En América Latina, ese período corresponde sobre todo a los años 60. Ahí están Nicanor Parra, Mario Benedetti, Antonio Cisneros y otros. ¿Quién es el padre de todos ellos? No otro que César Vallejo, quien en Trilce, en 1922, escribía, por ejemplo, sobre las lavanderas que “azulaban y planchaban todos los caos” o tiempo después en los Poemas humanos preguntaba al Sr. Ministro de Salud qué hacer con tanto dolor en el mundo. En Paraguay, por otro lado, todavía somos tributarios de una retórica excesivamente grandilocuente. No es que no existan poetas que asuman lo cotidiano como una fuente, sino más bien que la poesía sigue siendo demasiado orgullosa de ser ella una señora bien cuando es más excitante que sea todo lo contrario. Hay excepciones, por supuesto. Pienso en muchas cosas de Jacobo Rauskin, en algunas de Jorge Kanese y Joaquin Morales, y en otras de autores poco éditos o demasiado inéditos. Cantar lo cotidiano es, al mismo tiempo, decir que la poesía está en todas partes y momentos, pero también restarle un poco de su aura (sueño anti kantiano de Walter Benjamin), hacerla más humilde.
“Poesía poesía todo poesía/ Hacemos poesía/ hasta cuando vamos al baño”, dice Nicanor Parra. Qué cosa más cotidiana que ir al baño. Se objetará el mal olor de una poesía de excusado, pero nadie dijo que la poesía tiene que tener pudor de sus necesidades fisiológicas. En todo caso, de lo que se trata es de saber mirar nuestra cotidianidad como activo poético, para alabarla o blasfemarla, no importa. A fin de cuentas, la poesía está hasta en los baños.
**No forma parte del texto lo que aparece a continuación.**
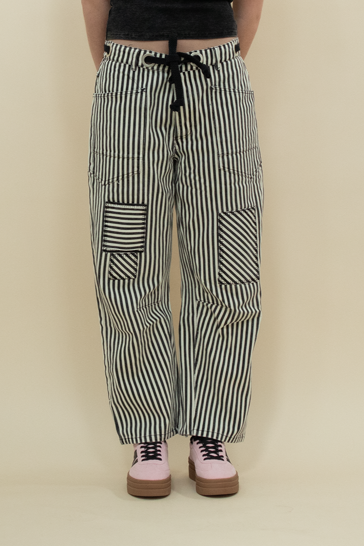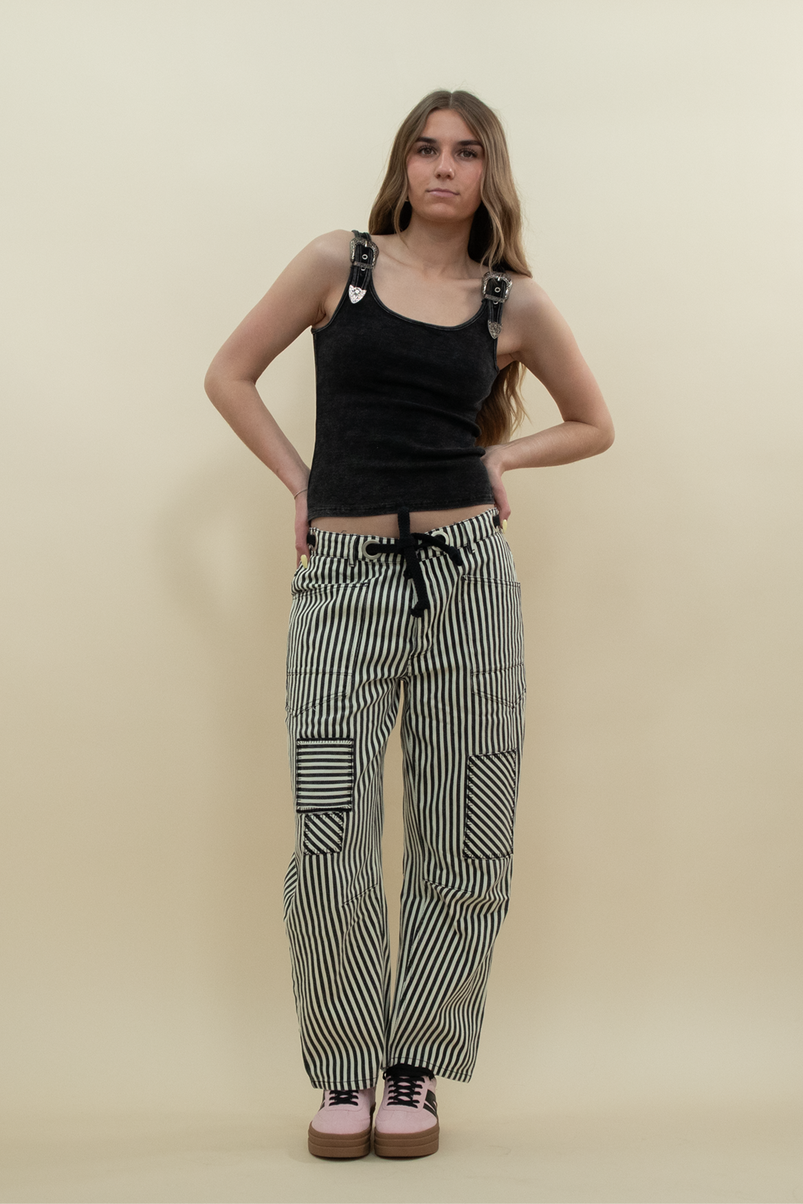 Woman wearing black and white striped barrel jeans with patchwork detail, styled with a black tank top and pink platform sneakers – Groove Closet product photo.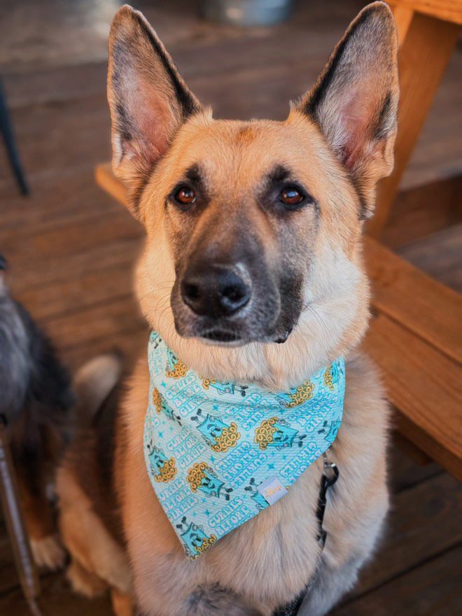 Machine wash cold and dry low heat. Be mindful not to leave your pets unattended with their bandana on.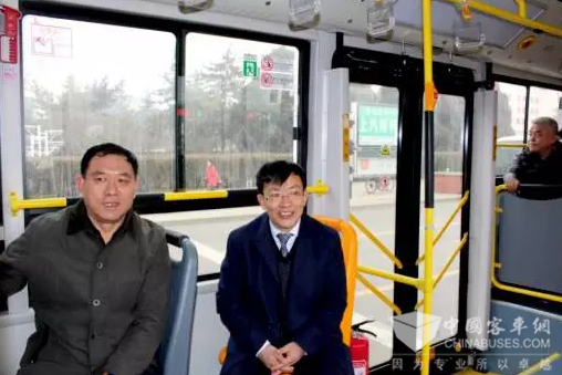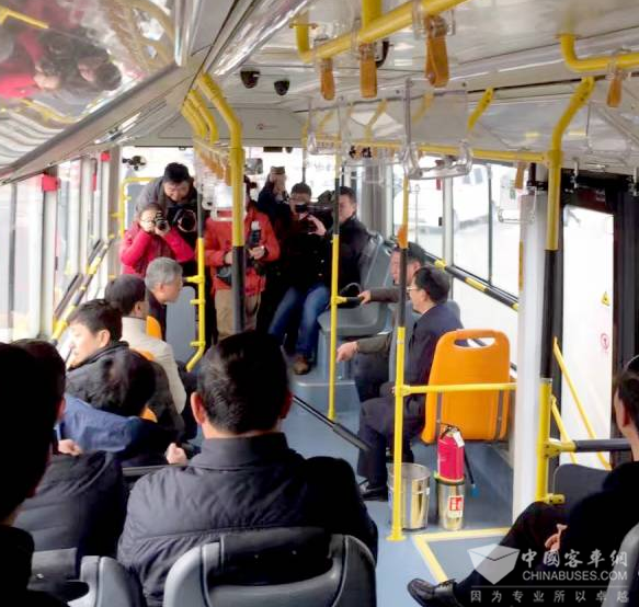 上线仪式上,中车时代电动董事长申宇翔为与会领导及来宾介绍了长治公交C10的优势与特点,并邀请大家试乘体验。坐上崭新的C10,长治副市长陈鹏飞和长治公交董事长王小钧一边查看车内细节,一边高兴地为新车点赞。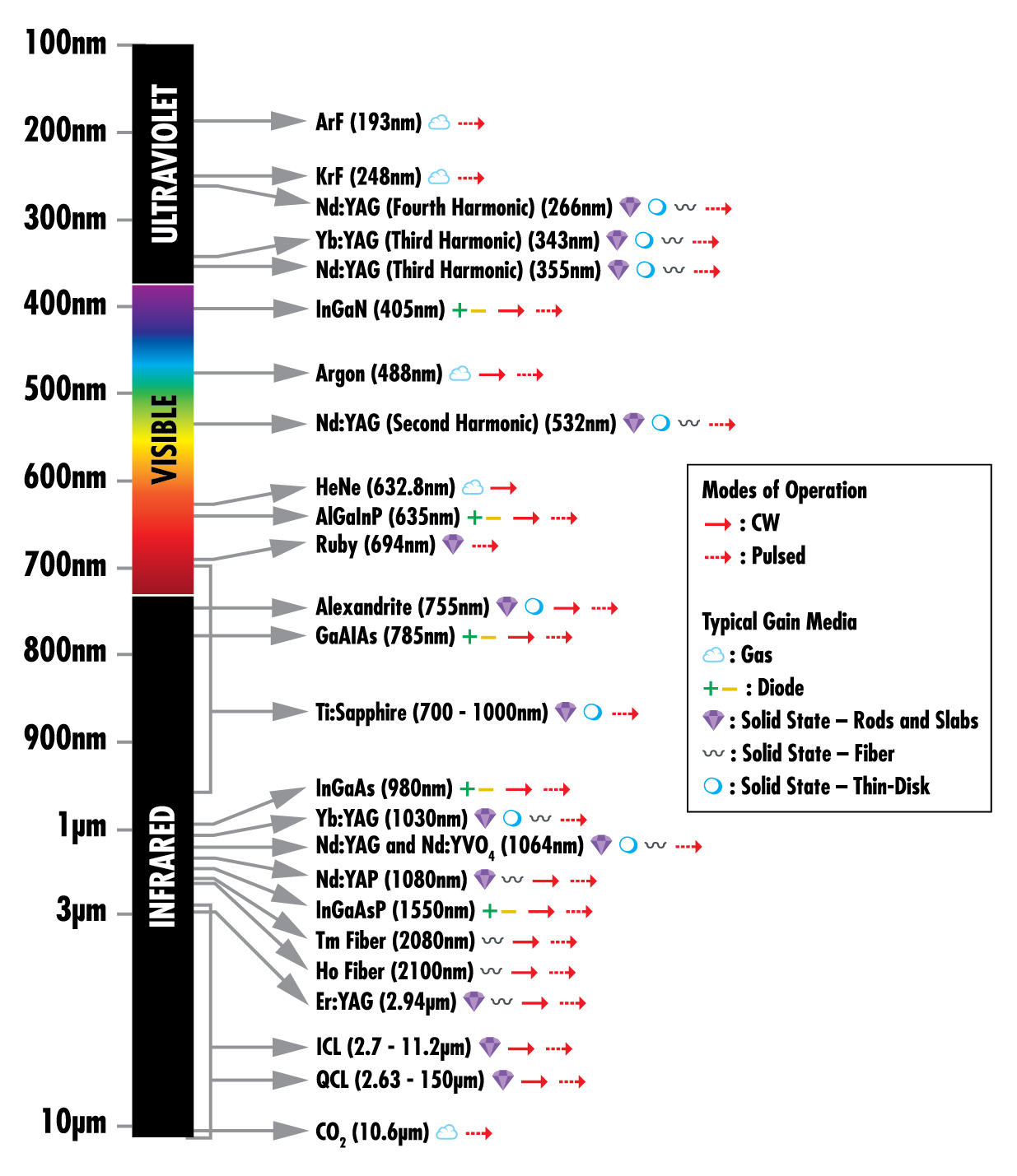 Understanding the most common laser sources, modes of operation, and gain media provides the context for selecting the proper laser for your specific application.

Para terminar, quiero leerles un poema de la poeta vasca Miren Agur Meabe, que nació en 1962.

Noticias breves

“Ayer se me quemó la sábana
La quemé yo, con la plancha.
Le estampé un triángulo color pan tostado
Por culpa de la tele.
Siempre tengo encendida la tele pequeña de la cocina
Cuando toca planchar:
Un niño negro de la guerra
Chupaba el pecho de su madre muerta.
Se me hizo un nudo de pelo en la garganta.

No se me olvidará:
La leche me mojó el sujetador.”

- Leído en el I Encuentro Internacional de Poetas, organizado por la Comisión Nacional de Conmemoración del Bicentenario, en Asunción, en marzo de 2010.